INTRODUCTION
A new multi-way regression method, called N-way partial least
squares (N-PLS), is presented. The model and algorithm is an extension
of the ordinary regression model PLS to the multi-way case. The algorithm
is available from the Internet at
http://www.models.life.ku.dk/source/nwaytoolbox/.
In chemometrics there is some confusion in distinguishing between multi-way
methods
and multi-way data. Bilinear two-way PLS and PCA can cope with multi-way
data by unfolding the data arrays to matrices, but the methods themselves
are not multi-way and do not take advantage of any multi-way structure
in the data (Smilde 92).
Unfolding can be unfavorable for several reasons:
- Unfold models are complex, (many parameters).
- Unfold models are difficult to interprete. (confounding of modes)
- Multi-way information is thrown away.
- Risk of poor predictive power.
THEORY
For trilinear PLS1, a trilinear decomposition of X
(IJK) is sought as shown in figure 1. From X and y
the weight vectors wj and wk are determined and these, in
turn, define the score vector t as the least-squares model of X
(or its residual). The scores are successively determined to have maximal
covariance with the dependent variable (or its residual). The scores are
related to the dependent variable by regression.

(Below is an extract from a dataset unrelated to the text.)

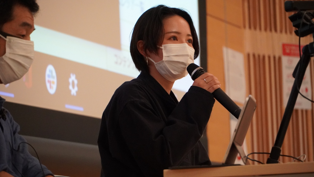 こちらも、先輩からの体験談を聞く場が設けられ、コミュニティマネジメント学科卒業生の田中 直樹さんとコミュニティマネジメント学科4回生の和田 育実さんに登壇いただきました。
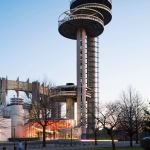 The contrasts are stunning, and one wonders why the remains of the World’s Fair haven’t either been repurposed or removed. Economics and bureaucratic inaction notwithstanding, the relevant answer is that there’s still life there. Theaterama, which Johnson envisioned as a venue for avant-garde art at the fair, was a technological marvel when it opened because of its use of slip-form concrete construction. Recognizing its commercial value, the city converted the cylinder, measuring 44 feet tall and 100 feet in diameter, into the Queens Theatre in the Park in the early 1980s, then commissioned a major renovation of the space in 1993.

Figure 1. Two-component PLS decomposition of three-way cube.
The trilinear PLS1 algorithm is outlined below.
Center X and y. f=1. u=y.
1. Z = X'u
2. wj & wk = first singular vectors from SVD on Z
3. t = least-squares model of X given wj & wk
4. b = (T'T)^(-1)T'u
5. Calculate residuals
6. f=f+1. Step 1 (replace X &
u
with residuals)
The algorithm is easily extended to higher orders of both dependent and independent variables Bro 95 for details).
APPLICATION OF N-PLS
The data is obtained from the last part of a sugar plant, where white sugar is produced (figure 2). Samples were taken from 8 different places (indicated on the figure by Xs) for three days. For each sample the fluorescence was measured at 4 excitation and 371 emission wavelengths.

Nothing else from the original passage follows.